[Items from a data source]

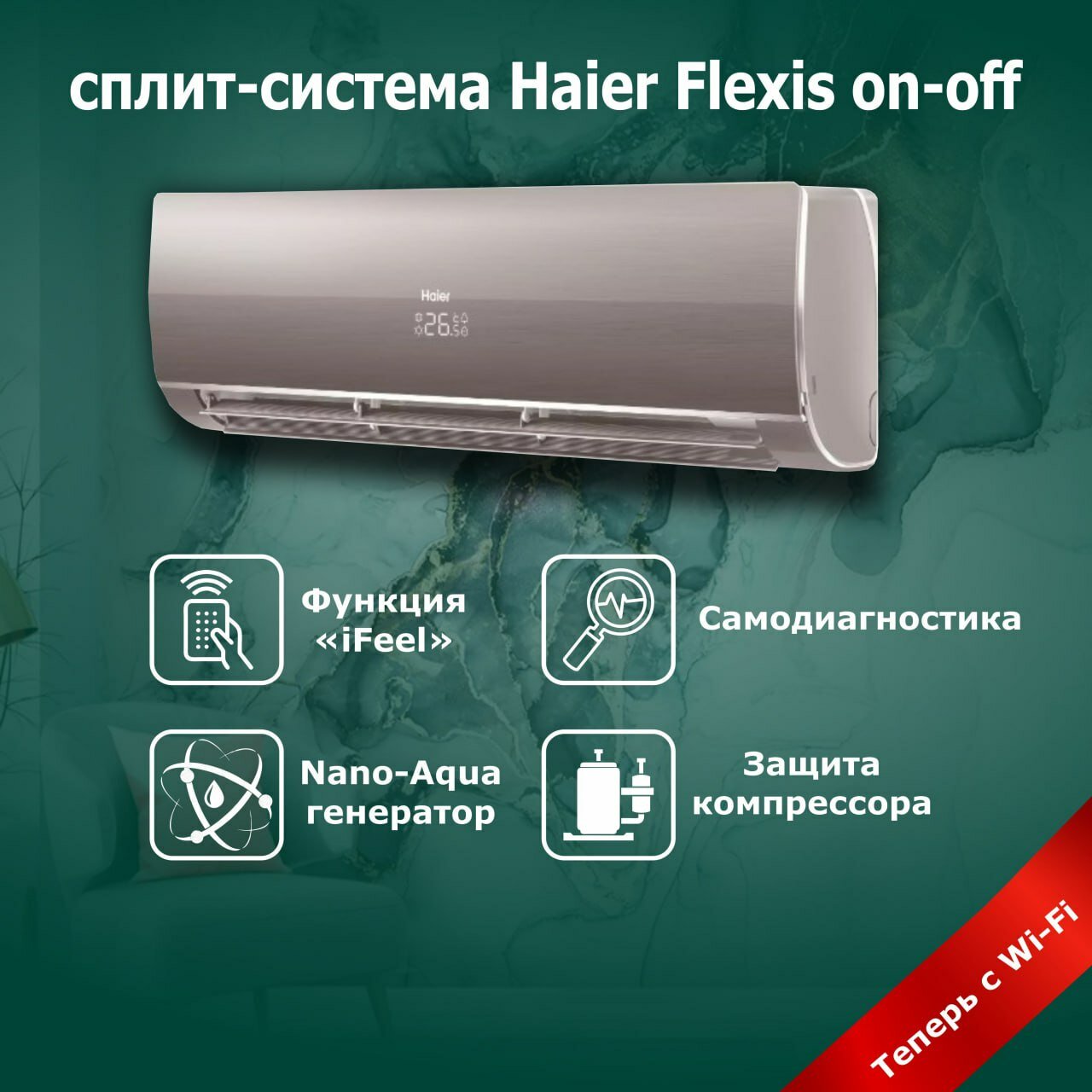 Сплит-система Haier Flexis On-Off HSU-12HFF103/R3-G / HSU-12HUF103/R3 на 35 квадратных метров
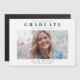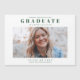 A simple, clean photo graduation announcement featuring large graduate type and student name above a landscape photo of the grad.
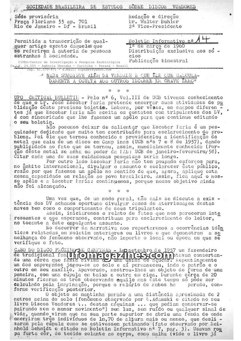 This issue of the Boletim Informativo from the Brazilian Society for UFO Studies (Estudisco) details recent UFO sightings in Brazil between December 1957 and January 1958, includin
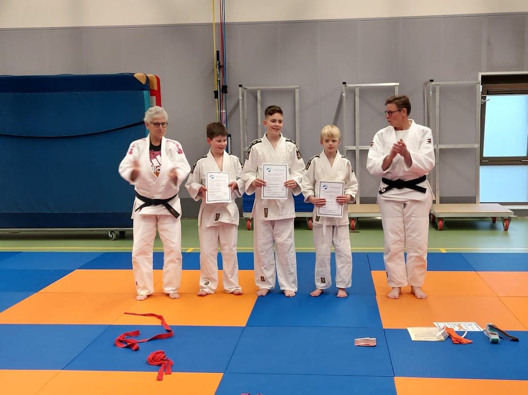 Geslaagd voor witte band: Siem Schokker, Leon Menichino, Daan Breure, Dani Boonstra, Luke van Vark, Thijs Garritsen, Dylano van Zanten, Niamh van der Meer. Gele band: Pim van Krieken, Bram Buik, Tim Stobbe, Julian de Waard, Niels Wijksma. Oranje band: Sem Breen, Lotte Poldervaart, Lisa Lubben, Felix Barbarowicz. Groene band: Naomy Kleijn.
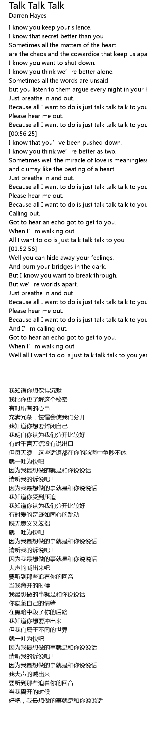 | [01:47.76] | All I want to do is just talk talk talk to you. |
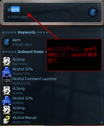 alsongを呼びだそうと、alと入力
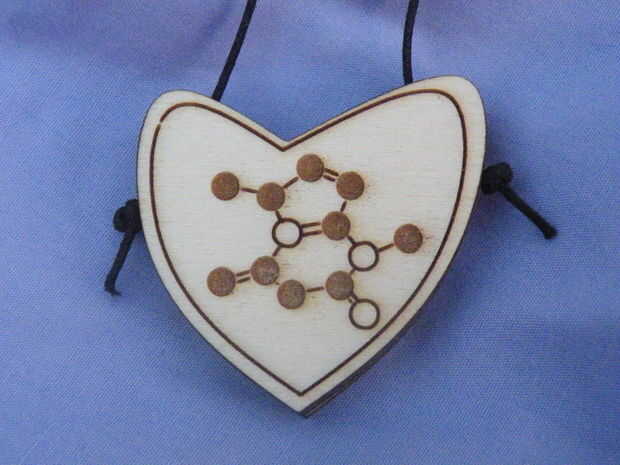 Me di cuenta de que el mecanismo de escalada realmente no necesita brazos para trabajar y también la usé en este corazón colgante - el diseño de la molécula es la teobromina, la molécula del cafeína-como que hace chocolate nos hagan sentir bien.
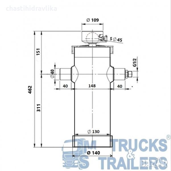 За монтирането на този Хидравличен цилиндър са необходими допълнителни елементи, които се заплащат отделно.
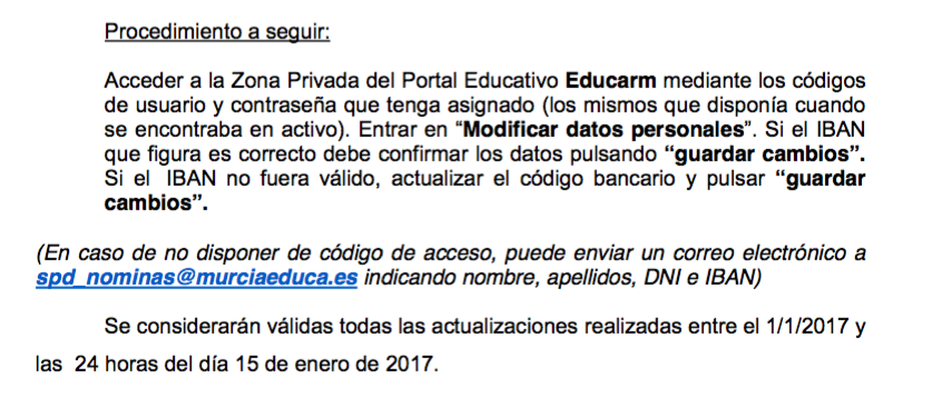 La Consejería de Educación ha publicado una nota informativa sobre el procedimiento a seguir para la devolución del tramo 3º de la paga extra de diciembre 2012 para personal docente no activo en la Consejería de Educación pero que sí lo estaba en aquel año y tuviera derecho a percibir entonces la paga extra de diciembre 2012.
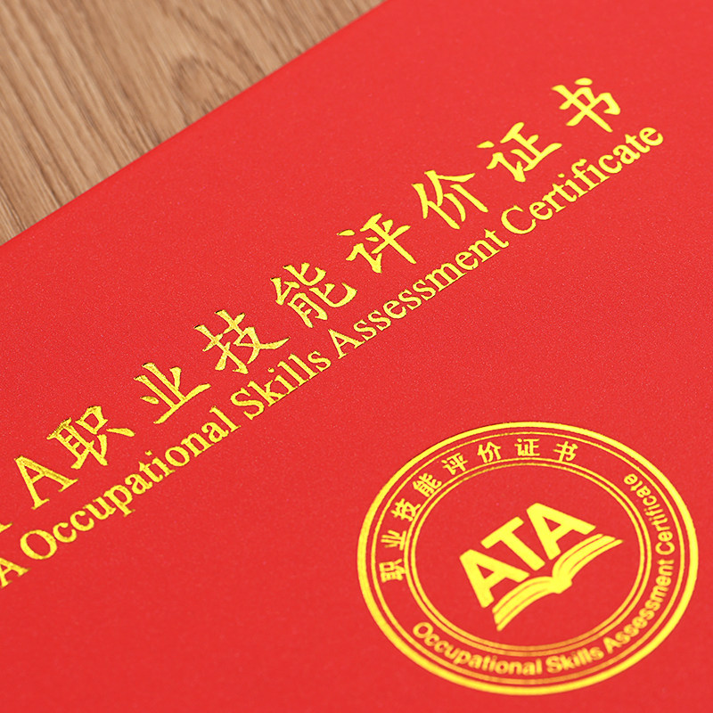ATA职业技能评价证书保护套中高初等级岗位培训合格证件外壳PS计算机软件ms office办公CAD设计技能人才封皮
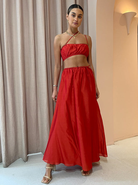 Complete the look with the Sir Lucelia Skirt in Red, the Alias Mae Cassie Heel in Natural, the Amber Sceats Walter Earrings in Gold, the Amber Sceats Coco Necklace in Gold and layer with the Amber Sceats Schiffer Necklace in Gold for your next special occasion.
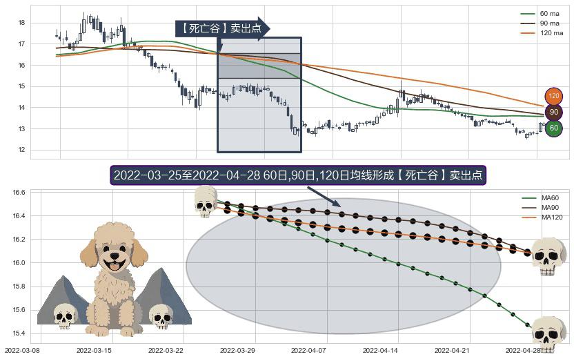形态多维评估: ⚀ 2022-03-28-日至2022-04-28-日显现 60日-90日-120日均线 【死亡谷】卖出点 看空信号,后市看跌,卖出
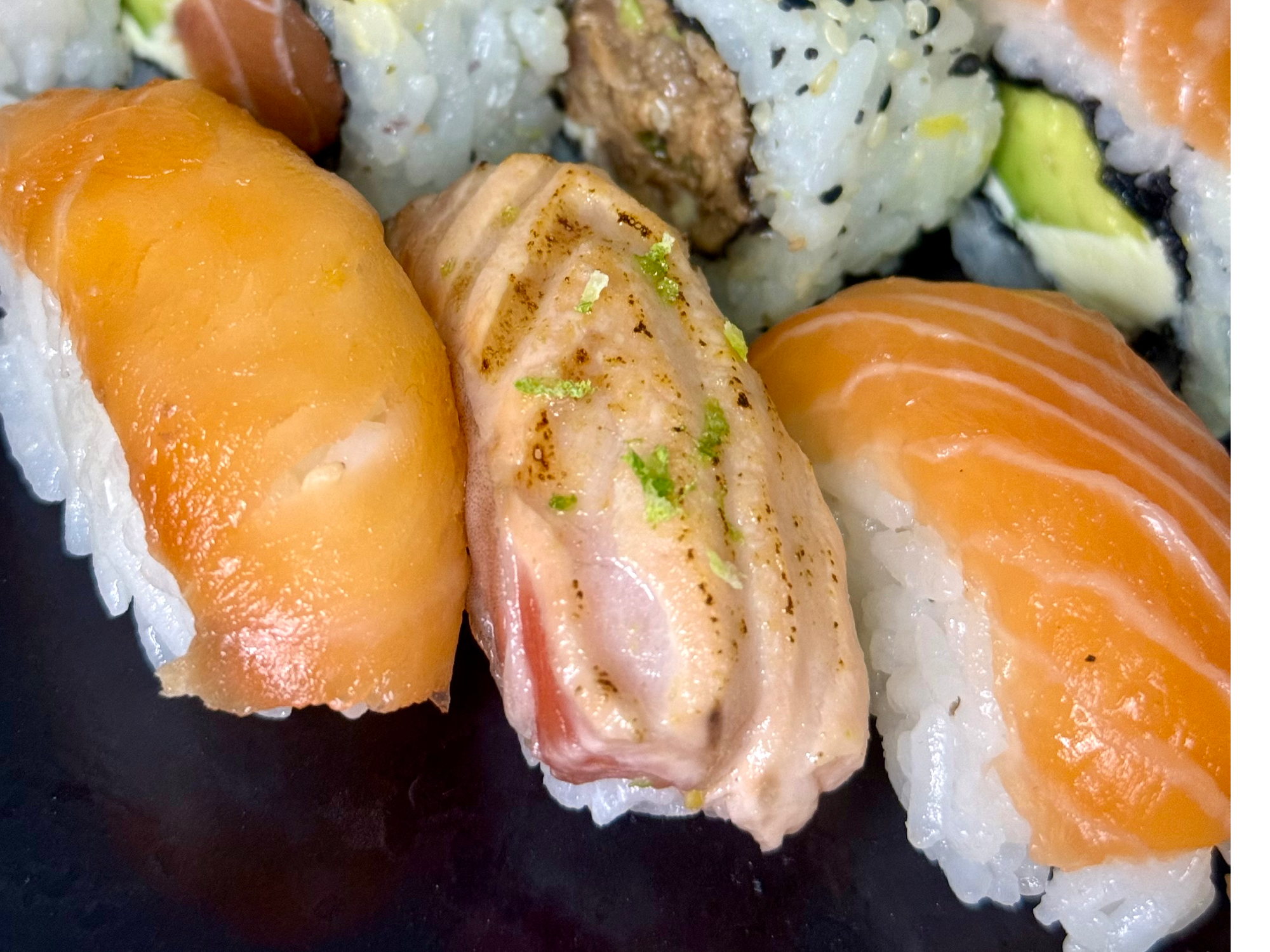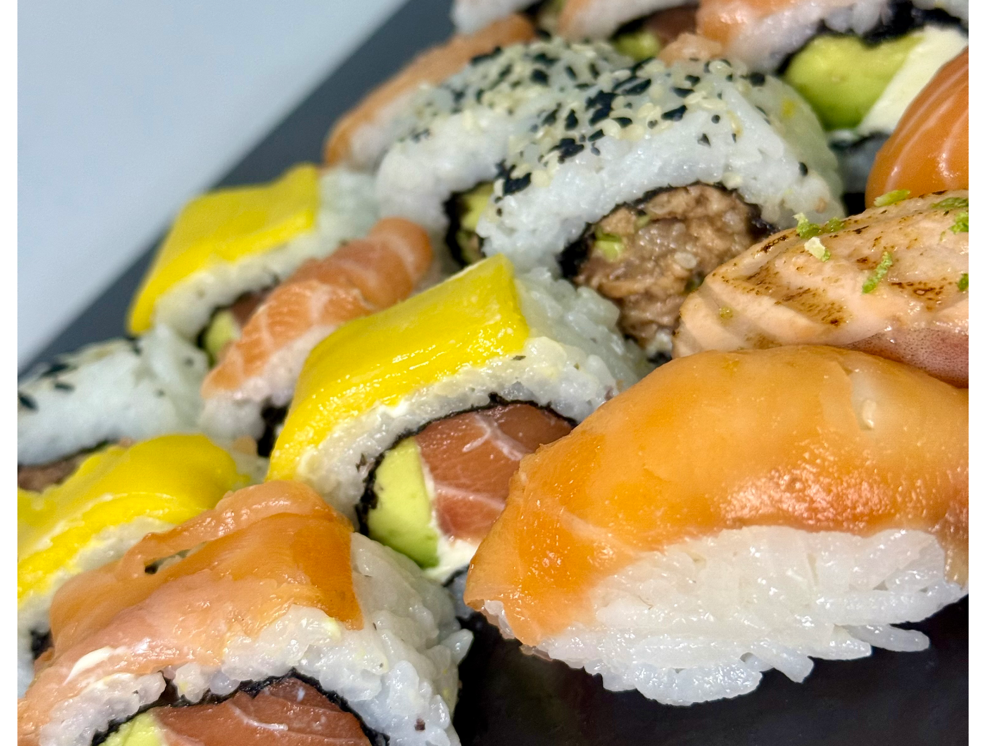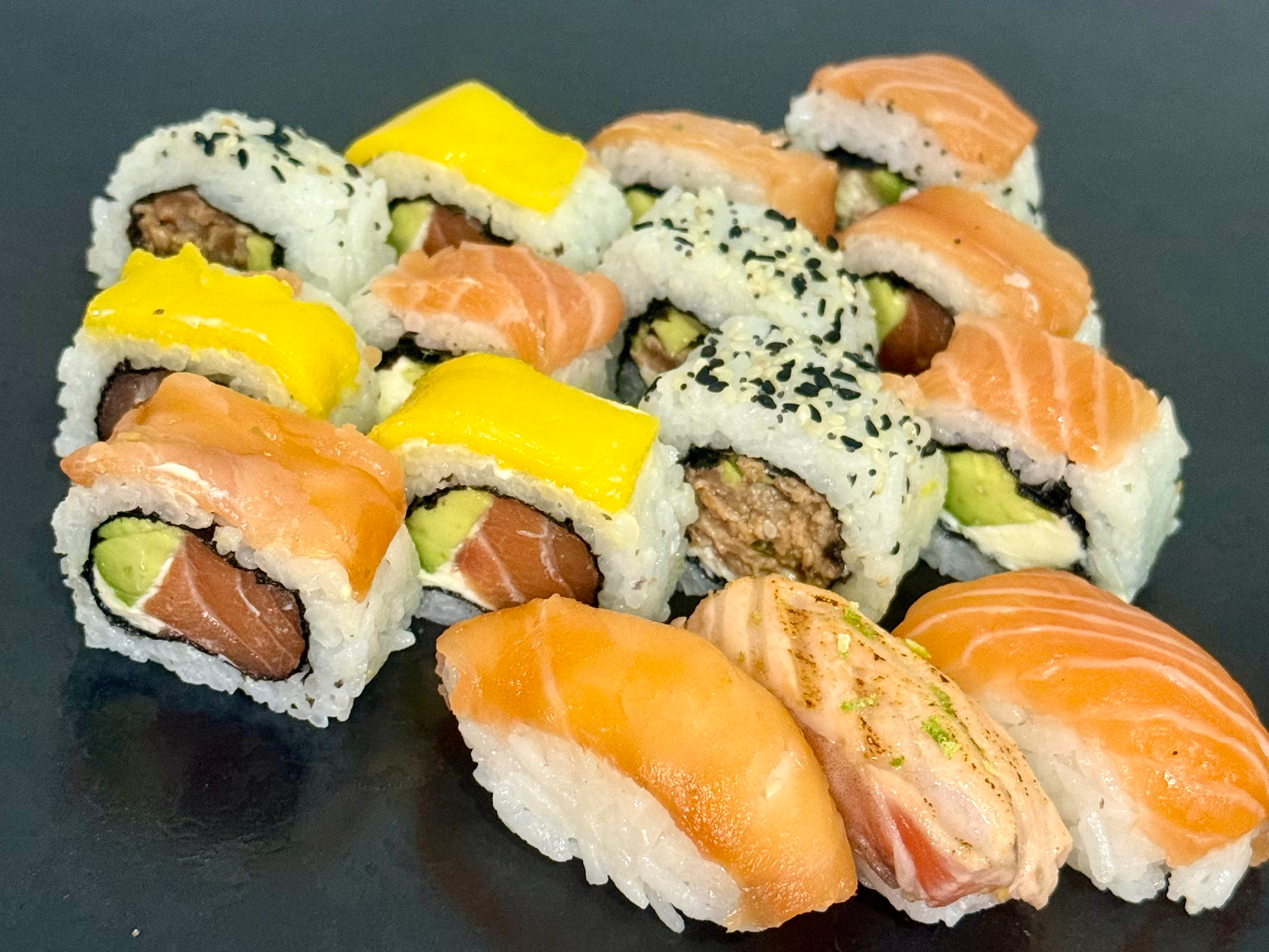 Friends-mix solo salmón premiumDos salmones, avocado, tropical, salmón tartar, Niguiri, Niguiri ahumado y Niguiri flambeado con rayadura de limón Presentaciones Seleccioná una opción.X15$25.000X30$42.000X40$48.000X50$53.000 Complementos para tu pedido Agregá items adicionales a tu pedido. Extras Seleccioná las opciones que quieras.Teriyaki Ahumada$800Salsa maracuyá$1.000Wasabi Observaciones 0 / 150
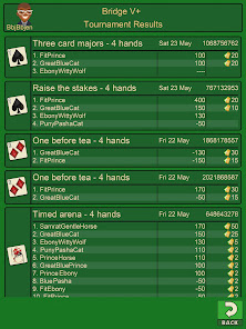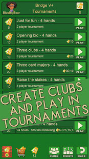 In Tournament Bridge you play at your own pace against players from around the world in duplicate style Bridge tournaments. Each player in a tournament plays the same hands with the winner scoring the most points. Alternatively you can easily create your own online Bridge club, invite your family, friends or even some enemies then play in duplicate style Bridge tournaments against your own select set of players.
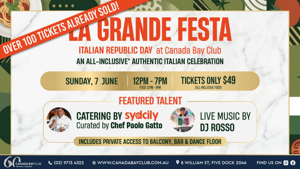 Join us for an unforgettable afternoon of culture, music, and authentic flavors at the Canada Bay Club. We are pulling out all the stops for La Grande Festa, an all-inclusive Italian feast curated to transport your senses straight to Italy.

• **Exercise objective**
Every line above between the one containing "Geslaagd voor witte" and the one containing "alsongを呼びだそうと、alと入力", those two included, is to be printed exactly. No pictures go into the copy.

• **Written answer**
 Geslaagd voor witte band: Siem Schokker, Leon Menichino, Daan Breure, Dani Boonstra, Luke van Vark, Thijs Garritsen, Dylano van Zanten, Niamh van der Meer. Gele band: Pim van Krieken, Bram Buik, Tim Stobbe, Julian de Waard, Niels Wijksma. Oranje band: Sem Breen, Lotte Poldervaart, Lisa Lubben, Felix Barbarowicz. Groene band: Naomy Kleijn.
 | [01:47.76] | All I want to do is just talk talk talk to you. |
 alsongを呼びだそうと、alと入力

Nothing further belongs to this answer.